W1. [...] other relation between the preference probability and expected reward [...] like the Bradley-Terry model

A1: We thank the reviewer for raising this intriguing question. A relation between the preference probability and expected reward, like the Bradley-Terry model $\nu_{1,2} = \frac{\exp(\mu_1)}{\exp(\mu_1) + \exp(\mu_2)} = \frac{\exp(\mu_1-\mu_2)}{\exp(\mu_1-\mu_2) + 1}$ or utility dueling bandits $\nu_{1,2} = \frac{1 + (\mu_1 - \mu_2)}{2}$ (Ailon et al., 2014), is indeed stronger than the one in our paper and will lead to a better regret result.

Specifically, with this parametric relation, one only needs to focus on one set of parameters: the reward means or the dueling probabilities. Let us consider the case that the reward means $(\mu_1, \mu_2, \dots, \mu_K)$ as the basic parameters to estimate, and all observations from dueling feedback can be translated into reward feedback via the parametric relation. Under this point of view, the reward feedback provides direct observations from the reward mean parameters, and the dueling (preference) feedback between arms $k$ and $\ell$ can be considered as a "parametric reward feedback" depending on the reward mean parameters. For example, with the Bradley-Terry relation, the parametric form is a logistic function, which is similar to the logistic bandits (Faury et al., 2020), while with the utility dueling relation, the parametric form is a linear function, which is similar to the linear bandits (Abbasi-Yadkori et al., 2011).

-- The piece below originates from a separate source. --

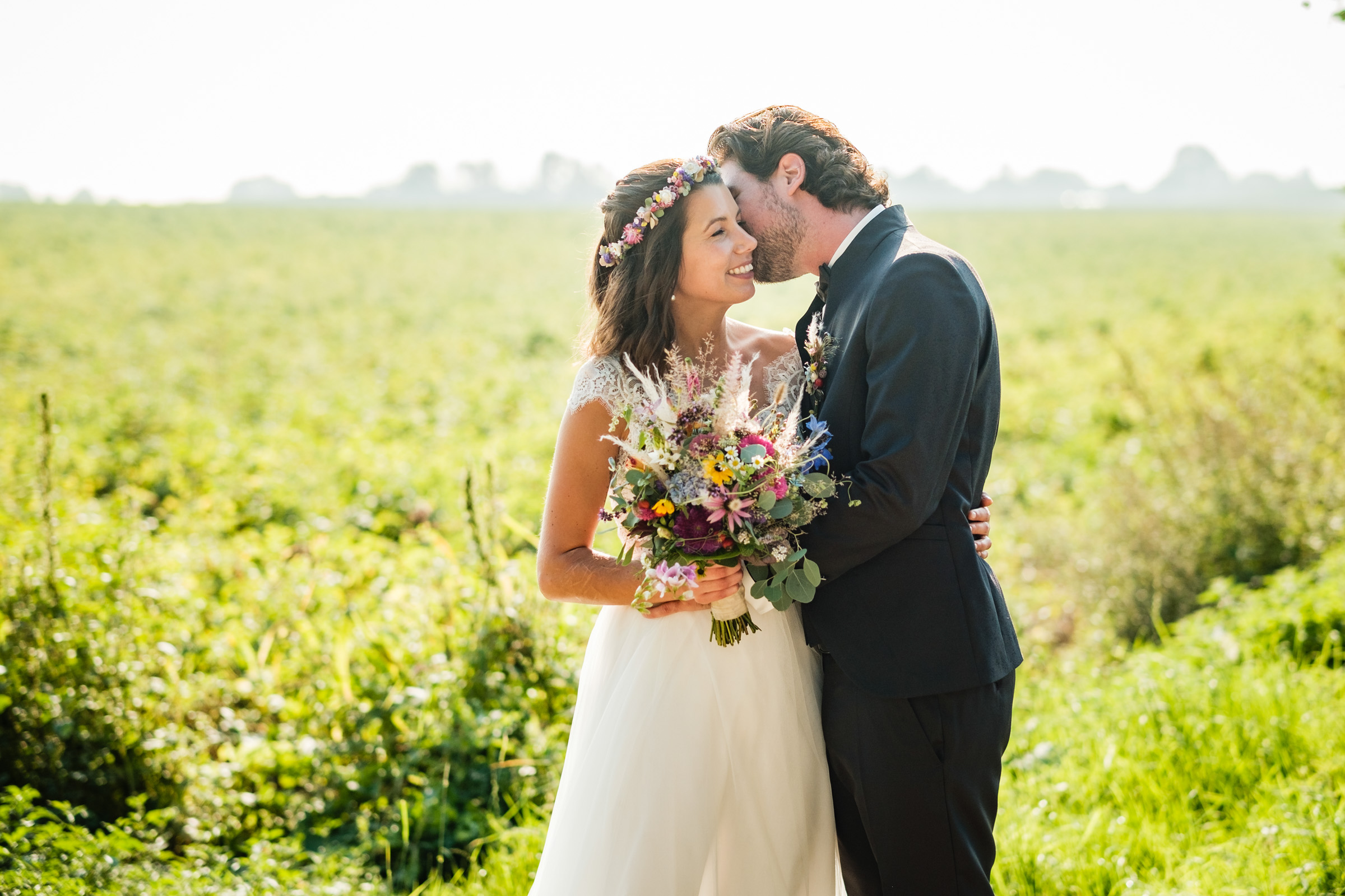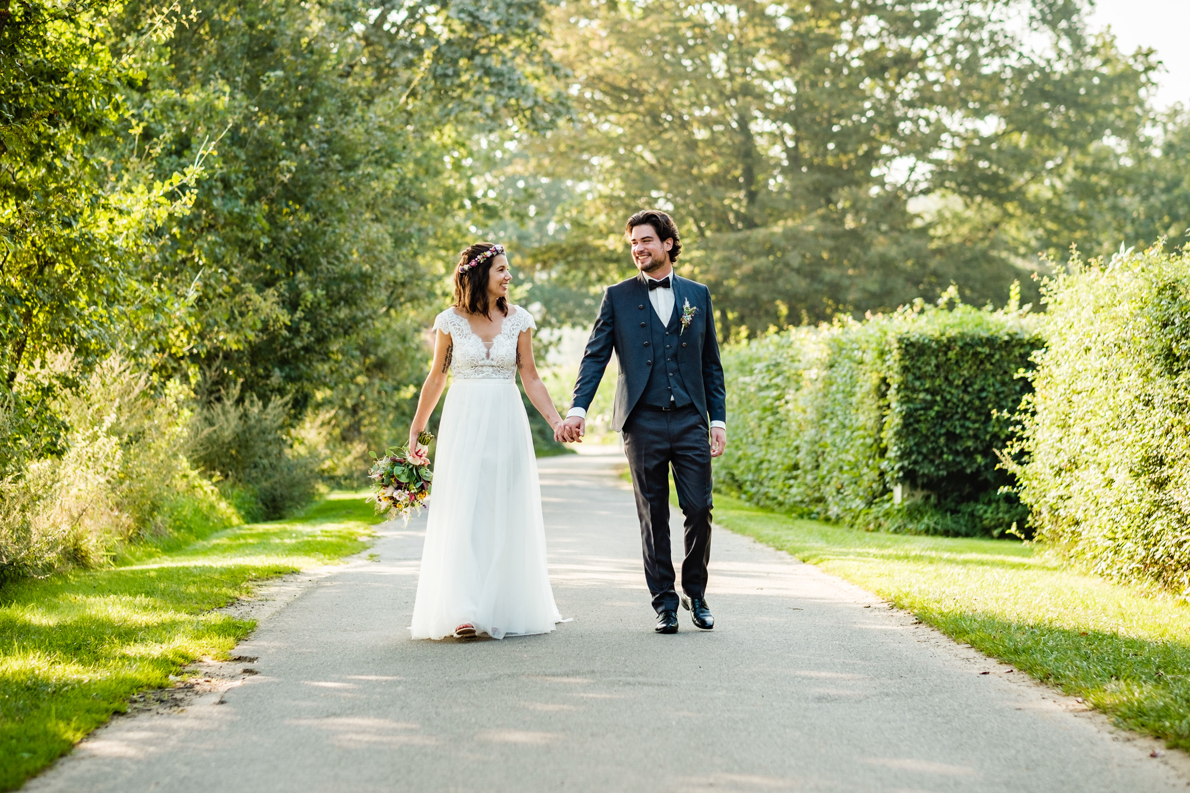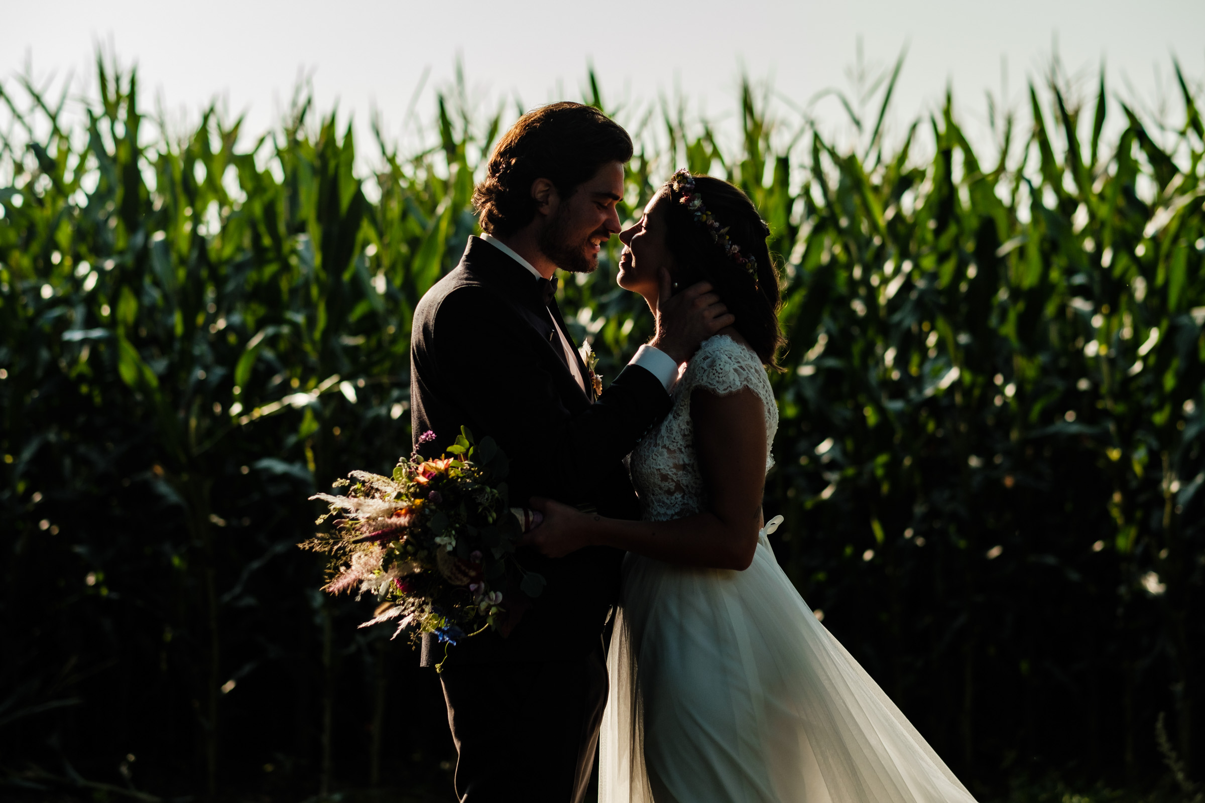 Gerade im Sommer, wenn das Licht in den Abendstunden weich wird, bietet die ländliche Umgebung rund um das Café Kornblume Möglichkeiten für ein Brautpaar-Shooting, das zeitlos und emotional zugleich ist.
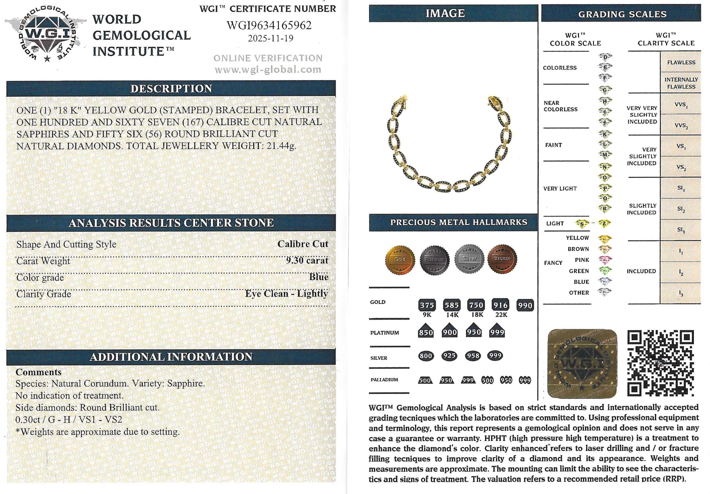 [message]An incredibly beautiful vintage bracelet set with 167 natural and unheated sapphires (with a total approximate carat weight of 9.30), and 56 round brilliant cut diamonds. The calibré cut sapphires are channel set over 14 links, and connected by bars set each set with four round brilliant cut diamonds.

With this interpretation, the authors believe that the final regret bound would depend on reward gaps $\Delta_k^{(R)}$ and have no explicit dependence on the dueling gaps $\Delta_k^{(D)}$ (or the other way round if we consider the dueling probabilities as the basic parameters), and the regret improvement may be in the actual dependence of the reward gaps $\Delta_k^{(R)}$ (e.g., the prefactor or the exponential order of this gap would be strictly less than than the best one without the dueling feedback option). To rigorously investigate the improvement in regret bounds under these stronger assumptions (out of the scope of the current paper) is an interesting research direction. We will add this discussion in the final version of this paper to clarify the potential improvement in regret bounds under these stronger assumptions.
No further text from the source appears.